Dans le cadre d’un conditionnement de la paupière Ryou et collaborateurs (2001) montraient un déficit associé aux lésions entorhinales pour un intervalle de Trace beaucoup plus court (750 ms). Toutefois, ces auteurs ne décrivaient pas l’effet de ces mêmes lésions sur des animaux conditionnés en Délai. Nous confirmons donc que cette structure n’est indispensable que lors du conditionnement de Trace, puisque les lésions du CE se révèlent sans effet la RC des animaux conditionnés sans intervalle de Trace.

La spécificité de l’implication du cortex entorhinal lors du conditionnement de Trace pourrait constituer un indice quant à l’implication de cette aire cérébrale dans le processus neurobiologique permettant le rétablissement de la contiguïté entre SC et SI. Le CE pourrait en particulier être le siège d’activités persistantes constituant le support de la Trace. Nous suggérons de plus que la mise en relation à travers le temps entre SC et SI s’effectue de manière consciente (Clark et Squire, 1998 ; Carter et coll. 2003) lorsque cette région corticale participe au traitement des stimuli pour le conditionnement de Trace.

CONCLUSION

L’ensemble des expériences effectuées au cours de ce chapitre avait pour but de déterminer si des structures cérébrales connues pour leur rôle dans la mémoire de travail avaient également un rôle dans les processus sous-tendant le conditionnement de Trace. Nous avions pour cela sélectionné deux structures, le CPFm et le cortex entorhinal.
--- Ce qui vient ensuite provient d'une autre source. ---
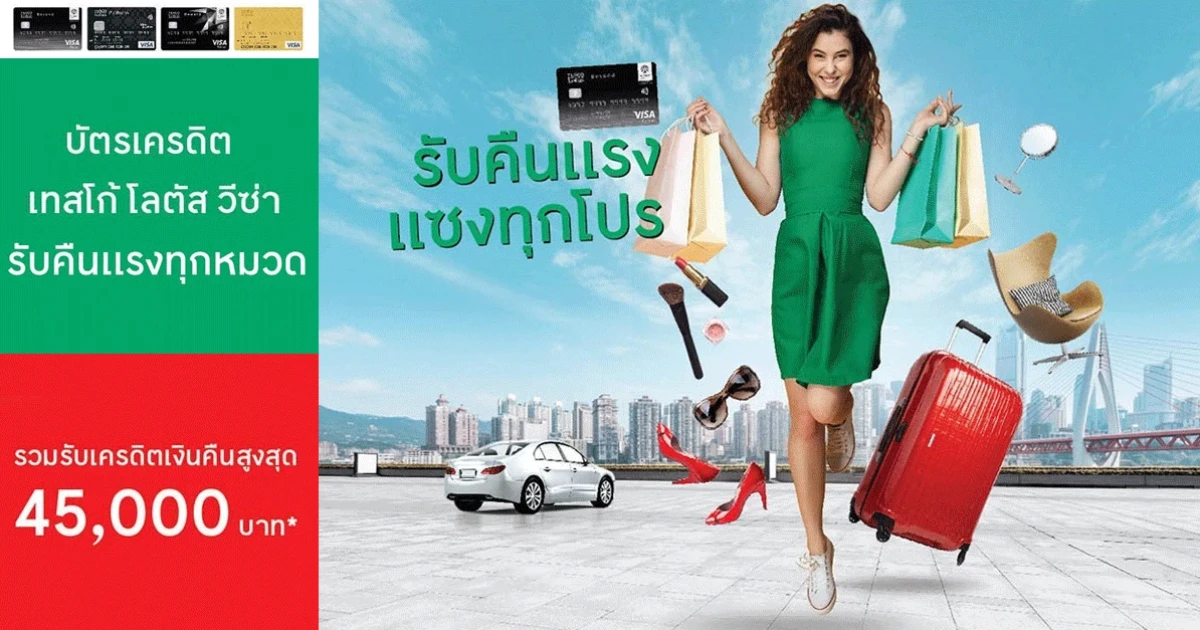 รับคืนแรง แซงทุกโปร รับเครดิตเงินคืนสูงสุด 45,000 บาท* กับบัตรเครดิตเทสโก้ โลตัส วีซ่า
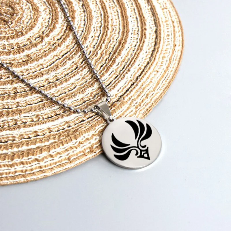 Hip Hop Genshin Impact Eye of God Stainless Steel Necklace Grass Water Wind Thunder Fire Rock Ice Element Cosplay Jewelry Gift

Les résultats obtenus semblent indiquer que les deux structures pourraient effectivement avoir un rôle dans la mise en place de ce type de conditionnement. Il existe cependant une différence de poids entre les effets produits par les lésions respectives de ces deux structures. Cette différence concerne la spécificité du déficit. En effet les lésions du CPFm induisent une diminution de la RC indépendamment de la présence ou de l’absence de l’intervalle de Trace, alors qu’à l’inverse la lésion du CE n’est délétère sur la RC au son que pour des rats conditionnés en Trace.

De plus, l’effet sur la RC de Trace de lésions du CE apparaît quantitativement bien plus important que celui induit par la lésion du CPFm, ce qui indique que le CPFm pourrait jouer un rôle assez général dans le contrôle de l’expression de la RC, alors que le cortex entorhinal serait plus à même d’être impliqué dans la mémoire de travail codant le SC durant le conditionnement.

L’effet des lésions du CE sur la RC des animaux conditionnés en Trace est observable aussi bien au moment de la présentation du SC que durant la période qui suit son arrêt, ce qui est concordant avec le mode d’action des cellules à activités persistantes qui commencent à décharger dès la présentation du stimulus et qui continuent à émettre des décharges après l’arrêt de ce dernier.

Néanmoins, notre approche lésionnelle pose un problème majeur étant donné qu’elle ne permet pas de déterminer quelle phase du conditionnement est perturbée. De fait, selon notre hypothèse, le mécanisme permettant le rétablissement de la contiguïté ne devrait être indispensable que durant la phase d’acquisition puisqu’il permettrait la mise en place de l’association entre SC et SI. La suite de nos travaux visera donc à déterminer si le CE est effectivement impliqué durant l’acquisition, ainsi qu’à obtenir des indices suggérant l’implication des neurones à activité persistante du CE dans le mécanisme de maintien de la Trace et du rétablissement de la contiguïté.